→ Prompt:
Could you print the stretch of lines below from the one with "加厚高硼硅玻璃茶壶耐高温钢漏壶条纹泡茶水壶过滤家用茶具套装" through the one with "A Prefeitura de", exactly as they stand and without any pictures?

→ The records:
· · · · ·

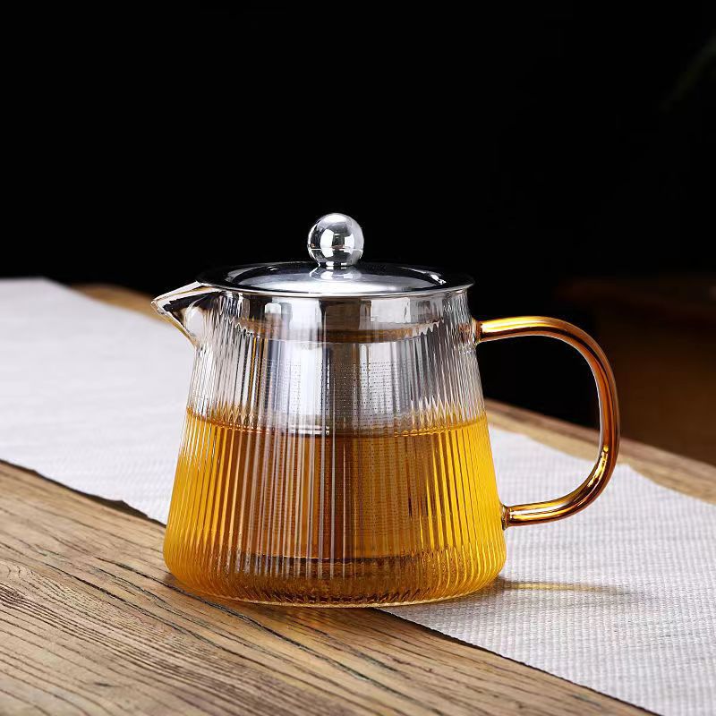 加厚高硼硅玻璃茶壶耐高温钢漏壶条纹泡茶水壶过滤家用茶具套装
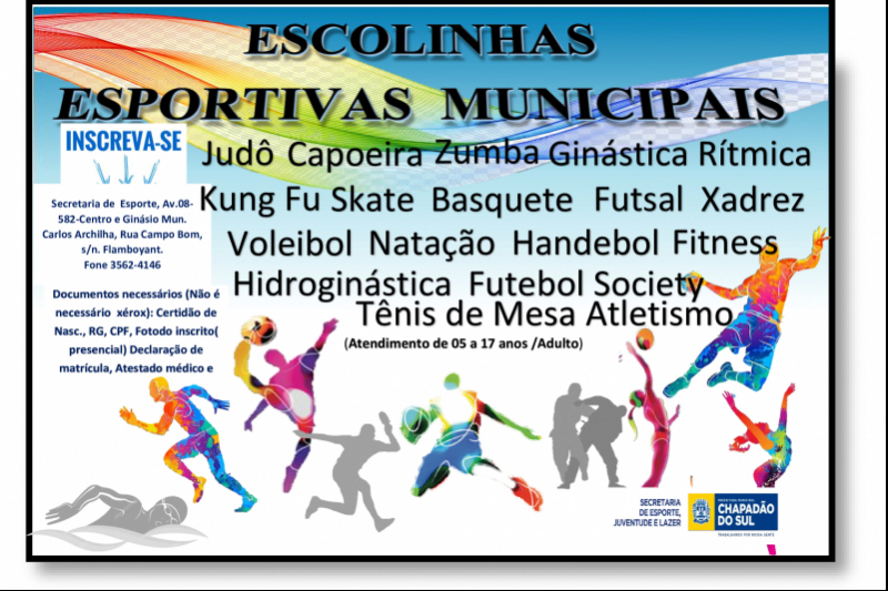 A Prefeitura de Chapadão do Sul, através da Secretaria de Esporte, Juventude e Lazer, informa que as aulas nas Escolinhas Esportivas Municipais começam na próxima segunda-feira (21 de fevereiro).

· · · · ·

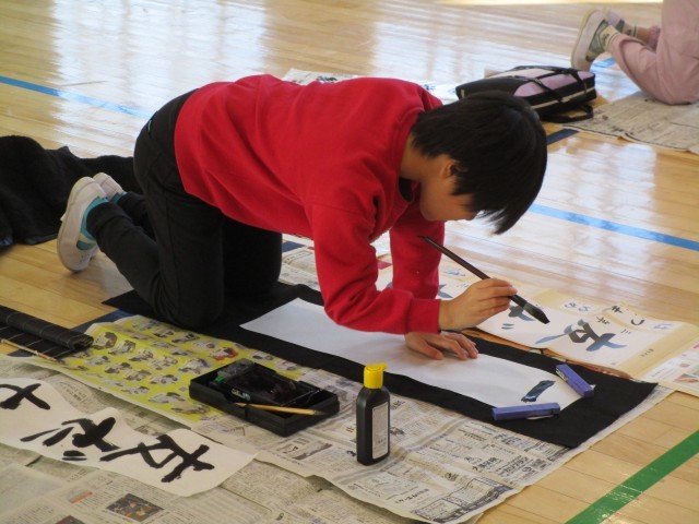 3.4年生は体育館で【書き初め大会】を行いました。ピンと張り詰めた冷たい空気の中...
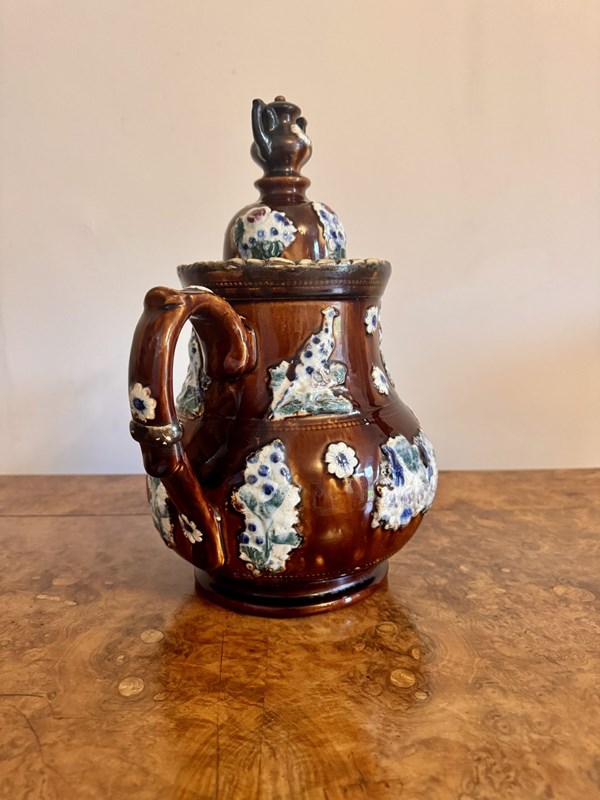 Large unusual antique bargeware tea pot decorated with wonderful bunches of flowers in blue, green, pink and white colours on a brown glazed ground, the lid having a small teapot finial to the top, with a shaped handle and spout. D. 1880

· · · · ·

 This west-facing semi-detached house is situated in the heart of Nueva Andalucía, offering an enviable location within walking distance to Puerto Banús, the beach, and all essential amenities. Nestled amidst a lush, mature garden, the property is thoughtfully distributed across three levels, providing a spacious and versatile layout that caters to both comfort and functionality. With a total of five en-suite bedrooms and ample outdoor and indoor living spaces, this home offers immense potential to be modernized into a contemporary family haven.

· · · · ·

→ Response area:
 加厚高硼硅玻璃茶壶耐高温钢漏壶条纹泡茶水壶过滤家用茶具套装
 A Prefeitura de Chapadão do Sul, através da Secretaria de Esporte, Juventude e Lazer, informa que as aulas nas Escolinhas Esportivas Municipais começam na próxima segunda-feira (21 de fevereiro).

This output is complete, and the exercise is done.